Added CSV parsing with Python

2024-10-08 15:03:52 -06:00 · 2024-10-08 15:03:52 -06:00 · c60a6d4229
commit c60a6d4229
parent 84a99adbb8
3 changed files with 83 additions and 0 deletions
--- a/README.md
+++ b/README.md
@ -28,5 +28,7 @@ As I am most familiar with Linux and Python, I elected to do the following exerc

 - [Exercise 1: User Report](user-report)
 - [Exercise 2: Watchdog Script](size-watchdog)
+- [Exercise 3: Remove an Invalid Character](invalid-char)
 - [Exercise 4: Condition Testing](condition-testing)
 - [Exercise 5: Log Parsing](python-logs)
+- [Exercise 6: CSV Parsing](parse-csv)
--- a/parse-csv/README.md
+++ b/parse-csv/README.md
@ -0,0 +1,7 @@
+## Parse a CSV file with Python
+
+For this task, I leveraged my experience in web software development, particularly with Python, to quickly create a script capable of downloading the requested CSV file and parse it into a list of dictionaries. This functionality exists in the `download_csv` function, and can be easily run from a Python interactive session with an arbitrary URL. Simply import the script file and call this function. Note that it assumes that the first line of the downloaded CSV file contains column headers. This is how it generates dictionaries from each line, and the given CSV file is in this format.
+
+From here, the data can be easily manipulated and searched. When the script is run from the command line, it will produce the requested report, counting active and inactive users, and validating the email, role, status, and created date for eeach user. Alternatively, the `main` function can be called from an interactive session after importing the file.
+
+For an exceptionally large CSV, this might become slow to search through, as it is just a native Python list. For crazy-large datasets (such as CSV-format log files spanning months or years), or when relating between multiple CSV files (like in a database), it would probably make more sense to use something like Pandas rather than the `csv` builtin library, as it makes use of the more efficient `numpy` arrays and can do indexing.
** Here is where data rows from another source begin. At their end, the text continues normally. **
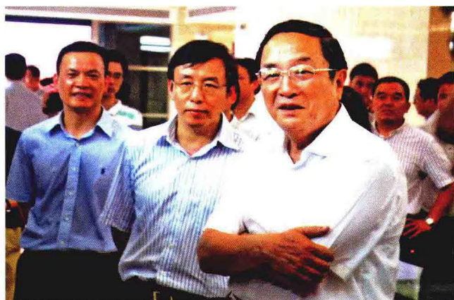
2010年8月24日，中共中央政治局委员、上海市委书记俞正声视察上海蓝天创业广场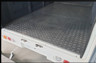
Aluminum Floor (Optional)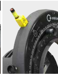
Integrierter Strichlaser zur Trennstellen-Markierung auf dem Rohr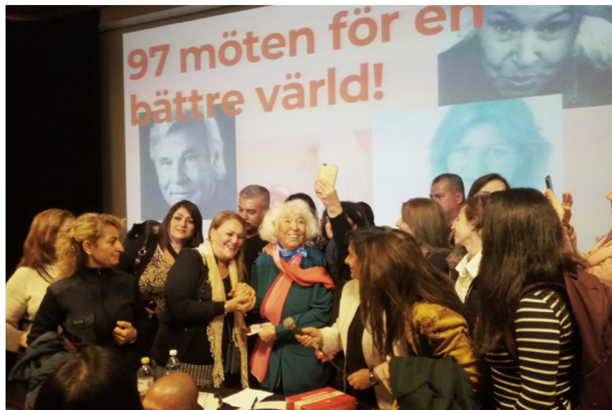
Nawal El Saadawi mötte många beundrare när hon besökte Folkets Hus i Hammarkullen.

Utöver programmen på Bokmässan arrangerades tillsammans med ABF Göteborg ett välbesökt scenprogram på arabiska i Folkets Hus Hammarkullen med författaren Nawal El Saadawi.

--- a/parse-csv/parse-csv.py
+++ b/parse-csv/parse-csv.py
@ -0,0 +1,74 @@
+#!/usr/bin/env python3
+
+import sys
+import csv
+import os
+import requests
+import re
+
+URL = "https://docs.google.com/spreadsheets/d/e/2PACX-1vR_SfJ7xUN3pcnRw3Z5b0DeINfFmZvWvquoJuBNS0UiA4h2xeftVlOml2BI162JiarV0XyvIOxaEJFQ/pub?gid=0&single=true&output=csv"
+
+
+def download(url):
+    response = requests.get(url)
+    content = response.content.decode("utf-8")
+    return content
+
+
+def download_csv(url):
+    """
+    Downloads the CSV file at the given url and parses it.
+
+    Treats the first row as a header, and returns a list of dictionaries
+    built from subsequent rows, with the header row's fields as keys.
+    """
+    response = download(url)
+    reader = csv.reader(response.splitlines())
+    data = list(reader)
+    header = data[0]
+    data = [dict(zip(header, row)) for row in data[1:]]
+
+    return header, data
+
+
+def main():
+    header, data = download_csv(URL)
+
+    active = 0
+    inactive = 0
+    invalid = []
+    for row in data:
+        reason = []
+        if "@" not in row["email"] or "." not in row["email"].split("@")[1]:
+            reason.append(f"Invalid email address '{row['email']}'")
+
+        if row["role"] not in ["admin", "user"]:
+            reason.append(f"Invalid role '{row['role']}'")
+
+        if row["status"] not in ["active", "inactive"]:
+            reason.append(f"Invalid status '{row['status']}'")
+        elif row["status"] == "active":
+            active += 1
+        else:
+            inactive += 1
+
+        if not re.search(r"^\d\d\d\d(-\d\d){2}", row["created_on"]):
+            reason.append(f"Invalid creation date '{row['created_on']}'")
+
+        if len(reason) > 0:
+            invalid.append({"entry": row, "reason": reason})
+
+    print(f"Active users:   {active}")
+    print(f"Inactive users: {inactive}")
+
+    if len(invalid) > 0:
+        print(f"{len(invalid)} invalid entries found")
+        for row in invalid:
+            print(f"\t User: {row['entry']['username']}")
+            print(f"\t Reasons:")
+            for reason in row["reason"]:
+                print(f"\t\t{reason}")
+
+
+if __name__ == "__main__":
+    main()